**WORK TO COMPLETE:** Transcribe the listing below only from the line with "Und zum Abschluss" up to and including the line with "Need some advice".

**MATERIALS PROVIDED:**
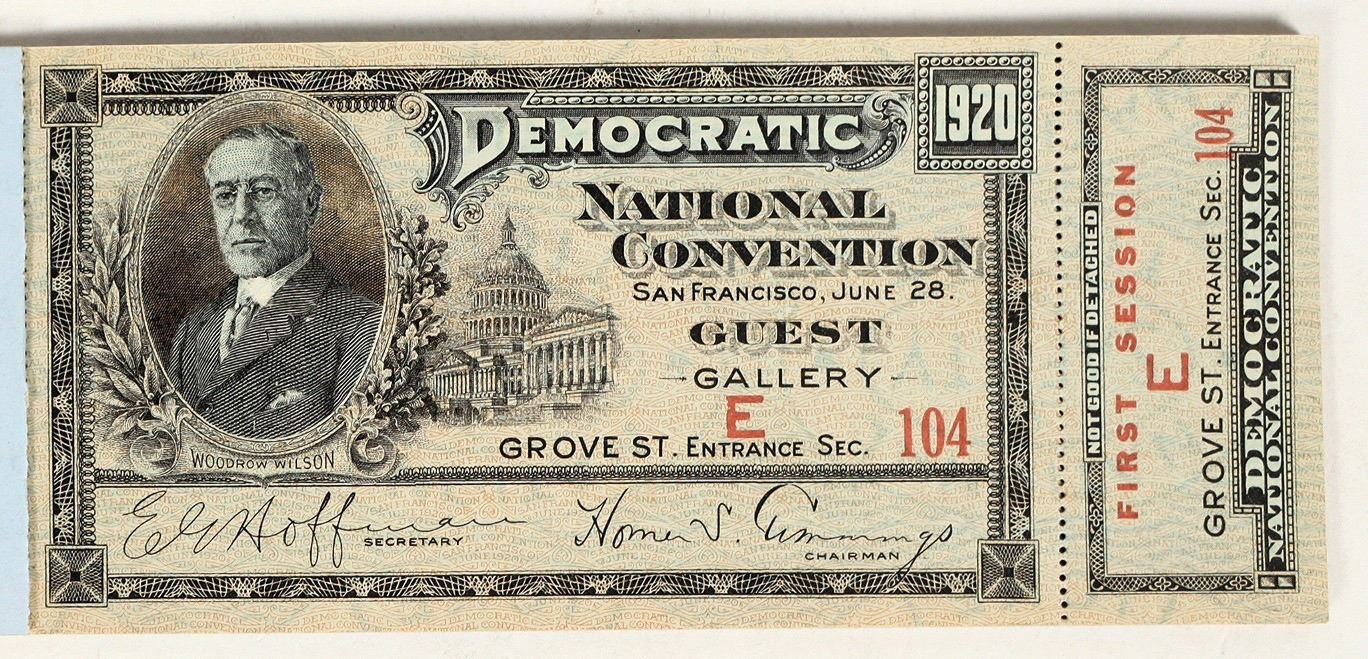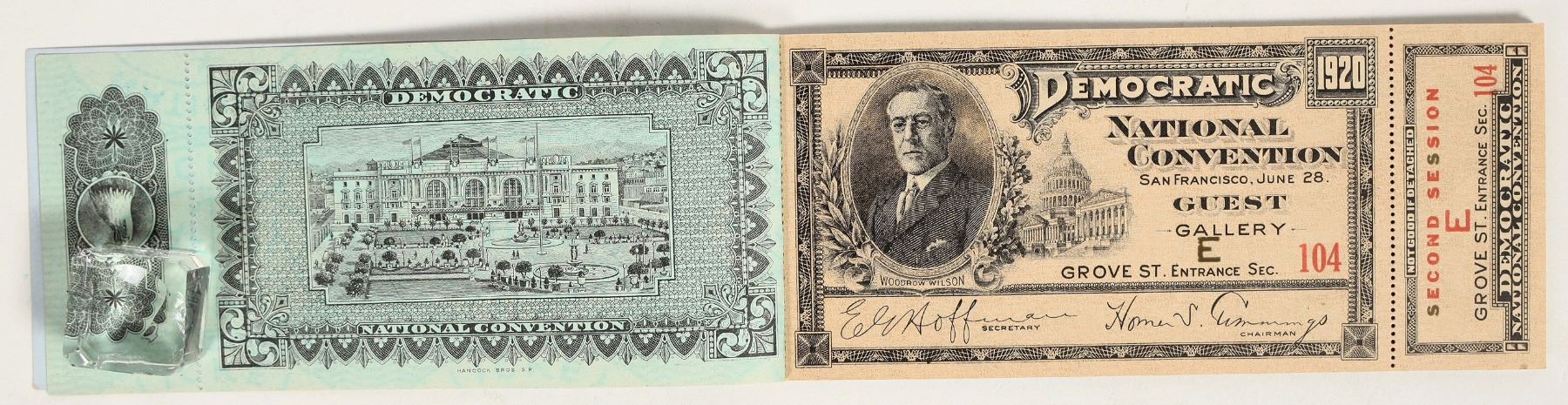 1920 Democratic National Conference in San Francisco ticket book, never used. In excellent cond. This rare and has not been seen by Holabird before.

--

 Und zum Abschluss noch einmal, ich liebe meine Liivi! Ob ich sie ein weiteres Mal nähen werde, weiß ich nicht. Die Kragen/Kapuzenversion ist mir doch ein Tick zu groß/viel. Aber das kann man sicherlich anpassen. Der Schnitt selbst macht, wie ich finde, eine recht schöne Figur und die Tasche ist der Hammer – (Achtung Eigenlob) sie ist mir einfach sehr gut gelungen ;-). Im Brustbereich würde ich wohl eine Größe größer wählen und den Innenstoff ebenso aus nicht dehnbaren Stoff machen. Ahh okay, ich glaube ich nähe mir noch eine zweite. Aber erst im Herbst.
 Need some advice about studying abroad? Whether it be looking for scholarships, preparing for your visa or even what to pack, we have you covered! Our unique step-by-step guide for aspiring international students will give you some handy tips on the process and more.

**TASK ANSWER:**
 Und zum Abschluss noch einmal, ich liebe meine Liivi! Ob ich sie ein weiteres Mal nähen werde, weiß ich nicht. Die Kragen/Kapuzenversion ist mir doch ein Tick zu groß/viel. Aber das kann man sicherlich anpassen. Der Schnitt selbst macht, wie ich finde, eine recht schöne Figur und die Tasche ist der Hammer – (Achtung Eigenlob) sie ist mir einfach sehr gut gelungen ;-). Im Brustbereich würde ich wohl eine Größe größer wählen und den Innenstoff ebenso aus nicht dehnbaren Stoff machen. Ahh okay, ich glaube ich nähe mir noch eine zweite. Aber erst im Herbst.
 Need some advice about studying abroad? Whether it be looking for scholarships, preparing for your visa or even what to pack, we have you covered! Our unique step-by-step guide for aspiring international students will give you some handy tips on the process and more.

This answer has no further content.